Google built Spanner because Bigtable and Megastore could not provide globally consistent ACID transactions across data centers.
TrueTime uses GPS receivers (accurate to less than 1μs) and cesium atomic clocks in every data center to return wall-clock time as a bounded interval [earliest, latest], not a single point.
Spanner's commit wait protocol assigns a timestamp s, then waits until TrueTime.now().earliest > s before acknowledging, guaranteeing that s is safely in the past for every clock on Earth.
Practical uncertainty is roughly 7ms (typically around 4ms), making global ACID commits remarkably fast.
The transferable lesson: when you can bound uncertainty precisely, you can wait it out, and that changes what is possible in distributed systems.

By 2011, Google's internal infrastructure ran on two storage systems that could not coexist gracefully. Bigtable handled massive throughput but offered no cross-row transactions and no SQL interface. Megastore added cross-datacenter replication with ACID semantics on top of Bigtable, but write throughput collapsed under load because every write required Paxos consensus across replicas.

Google Ads needed to bill advertisers in real-time across regions. Google Payments required financial-grade consistency for transactions spanning continents. YouTube needed globally consistent counters for views and subscriptions.

Each of these services was bending Megastore's limitations with application-level workarounds, and the complexity was compounding. One Google engineer described the situation in a 2012 conference talk: "We had more lines of code dealing with Megastore's consistency quirks than actual business logic."

The breaking point was not a single outage. It was the realization that every team building a globally distributed application at Google was independently reinventing the same coordination logic on top of broken abstractions. I've seen this pattern at smaller companies too: when three teams all build their own "distributed transaction layer," it is time to fix the platform.

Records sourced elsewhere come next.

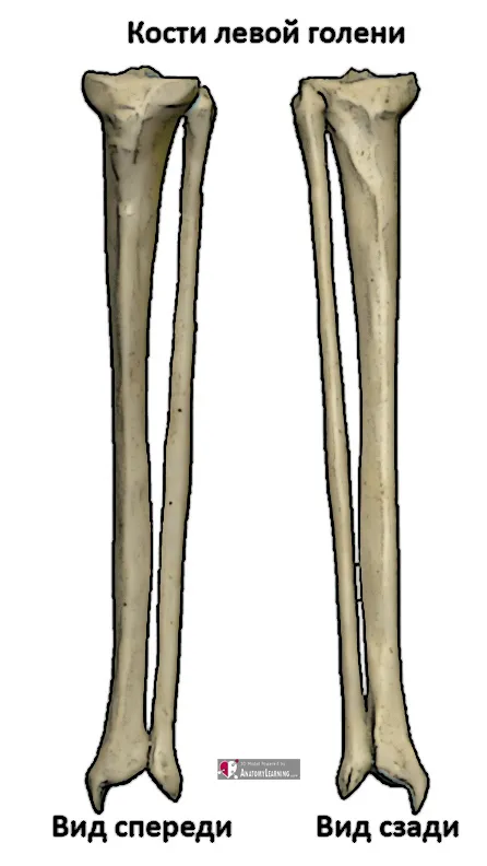 Малоберцовая кость значительно тоньше. Вверху у нее есть головка, на которой находится суставная поверхность для соединения с большеберцовой костью в межберцовом суставе. Это плоский и малоподвижный сустав. Нижний конец утолщен и образует латеральную лодыжку, которая тоже хорошо видна. Внизу кости голени соединяются не суставом, а синдесмозом – непрерывным соединением, движение в котором практически отсутствует. Поскольку концы большой бедренной кости сильно расширены, кости голени на большем своем протяжении находятся на расстоянии друг от друга, образуя межберцовое пространство. В этом пространстве находится межкостная перегородка.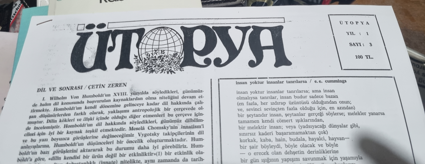 80’lerin başında bir grup üniversite öğrencisi, Sakarya Caddesi’nin dibinde polülasyonu işsiz güçsüz ve dönemin Anayasa tartışmalarında kendilerinden sık sık bahsedilen serserilerden ibaret, ürik asit kokusu, kötü çay ve rahatlatıcı bir kayıdsızlığın hâkim olduğu bir kıraathanede oturur, bol bol edebiyattan ve ülkenin problemlerinden bahsederken, laf dönüp dolaşır bir dergi çıkarma hayâline bağlanır ve bu hayâlin verdiği saadetle dağılırdık. Sonraları Ankara’daki herkesin kendisine geçmiş yazdığı Sakarya Çay Ocağı’nı (burada tarihe de not düşmüş oluyoruz) böyle bulduk. Sanırım Selahattin Oral’di (hikâyecimiz), “yahu buradan çıkalım, şu yukarda açık bir çay ocağı var, zaten soğukta oturuyoruz, bir şey kaybetmiş olmayız” ısrarıyla grubu orada konumlanmanmaya ikna eden. Hatırladığım kadarıyla, Sakarya Çay Ocağı’nı mekân tutan ilk grup, bir müddet sonra Ütopya dergisini çıkarmayı “başaracak” bizim gruptu. Başarmak doğru kelime. 12 Eylül rejimiydi. Dergi çıkarmak için gerekli bürokrasi gözümüzü korkutuyordu ama sonuçta Emniyet Genel Müdürlüğü’nden talebimizin onaylandığına dair bir yazı geldi. Şimdi Almanya’da yaşayan ve derginin mesul’ul müdürlüğüne “atadığımız” Çetin Zeren resmi yazıyı Sakarya’ya getirdiğinde çocuklar gibi sevindik.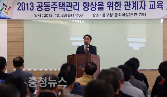 대전 동구(구청장 한현택)는 28일 구청 중회의실에서 관내 의무관리대상 공동주택의 동별 대표자, 관리사무소장, 경비담당자 등 100여명을 대상으로 공동주택 관리 관계자 교육을 실시했다.

The Spanner project started in 2008 under the leadership of Jeff Dean and Wilson Hsieh. The initial team was small (fewer than 20 engineers), but the scope was enormous: build a database that provides ACID transactions across continents with latency measured in single-digit milliseconds.

The System Before

Google's storage stack in 2011 looked like a layer cake with cracks running through it.

Bigtable was the workhorse: a sorted key-value store sharded across thousands of machines, optimized for high-throughput reads and writes within a single data center. It had no concept of multi-row transactions. If you needed to update a user's balance and their transaction log atomically, you had to put both in the same row or accept eventual consistency.

This limitation was intentional. Bigtable was designed for web-scale workloads (crawl indexing, analytics) where eventual consistency was acceptable. But as Google's business evolved, more services needed transactional guarantees.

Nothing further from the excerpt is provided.